Provided data
=== Begin Enclosure ===

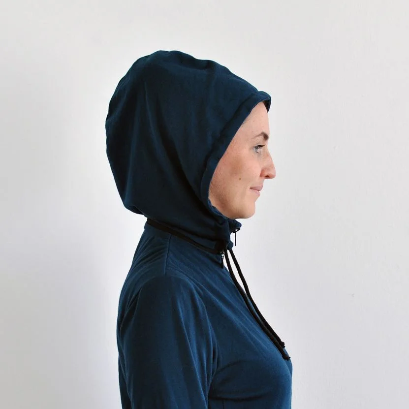 W niektórych bluzach, które mają kaptur, przeszkadza nam to, że mają odsłoniętą szyję i kiedy jest chłodno, to ją przewiewa. Da się to obejść zakładając chustę tubę z wełny merino. Jednak tworząc idealną bluzę z wełny merynosów stwierdziliśmy, że poza kapturem bluza musi mieć wysoką stójkę. Taką, która dobrze okala szyję, ale nie uciska i chroni przed chłodem. Kiedy jest cieplej, po prostu rozpinacie bluzę i odsłaniacie szyję. Uniwersalność przede wszystkim.
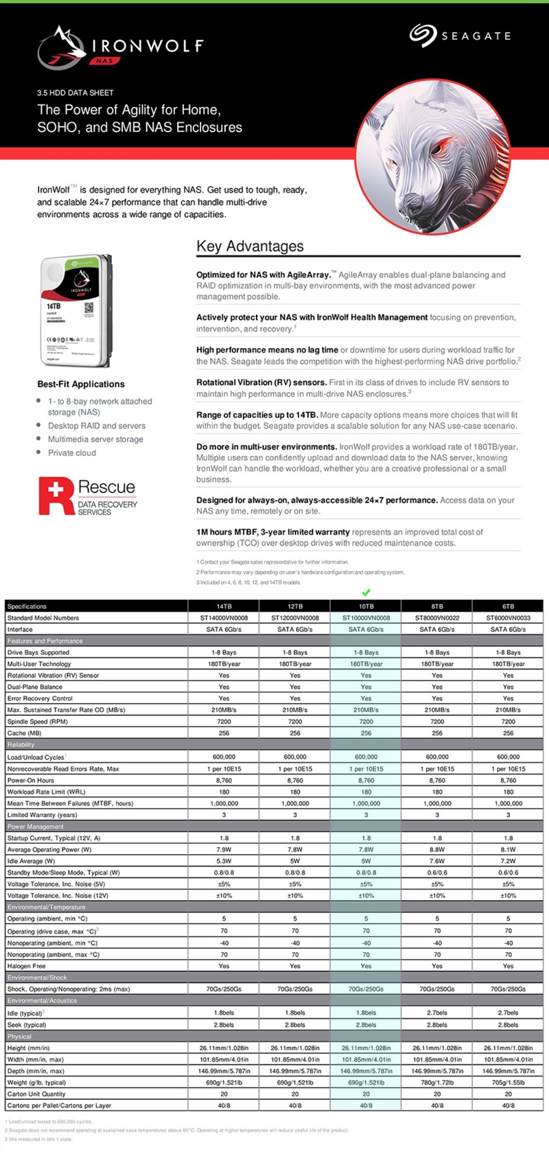 Seagate Ironwolf Nas Internal 3.5" Sata Drive 10Tb 6Gb/ S 7200Rpmb St10000Vn0008
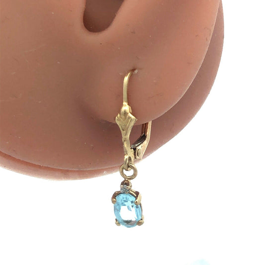 Designer ADL 10K Yellow Gold Oval Blue Topaz December Occasion Dangle Earrings
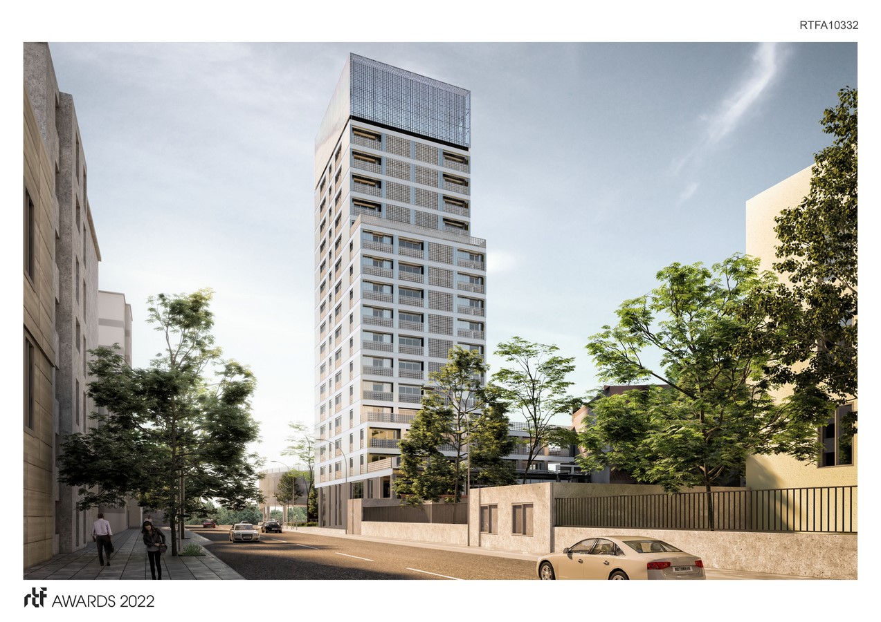 The building of 4ย 475 mยฒ built area is designed as a “capable” structure that can accommodate housing, offices and shops while ensuring significant operating economy. It is 16 levels high with a total height of 64 m. The shops are located on the first floor, the offices on the mezzanine and the housing from the first to the sixteenth floor. Thanks to a hybrid floor technology composed of wood and low-carbon concrete, the reversibility between offices and housing is optimal: the office spaces can easily be transformed into apartments and vice versa.

=== End Enclosure ===

The answer should be the complete listing, set down exactly, without pictures.

Your solution
 W niektórych bluzach, które mają kaptur, przeszkadza nam to, że mają odsłoniętą szyję i kiedy jest chłodno, to ją przewiewa. Da się to obejść zakładając chustę tubę z wełny merino. Jednak tworząc idealną bluzę z wełny merynosów stwierdziliśmy, że poza kapturem bluza musi mieć wysoką stójkę. Taką, która dobrze okala szyję, ale nie uciska i chroni przed chłodem. Kiedy jest cieplej, po prostu rozpinacie bluzę i odsłaniacie szyję. Uniwersalność przede wszystkim.
 Seagate Ironwolf Nas Internal 3.5" Sata Drive 10Tb 6Gb/ S 7200Rpmb St10000Vn0008
 Designer ADL 10K Yellow Gold Oval Blue Topaz December Occasion Dangle Earrings
 The building of 4ย 475 mยฒ built area is designed as a “capable” structure that can accommodate housing, offices and shops while ensuring significant operating economy. It is 16 levels high with a total height of 64 m. The shops are located on the first floor, the offices on the mezzanine and the housing from the first to the sixteenth floor. Thanks to a hybrid floor technology composed of wood and low-carbon concrete, the reversibility between offices and housing is optimal: the office spaces can easily be transformed into apartments and vice versa.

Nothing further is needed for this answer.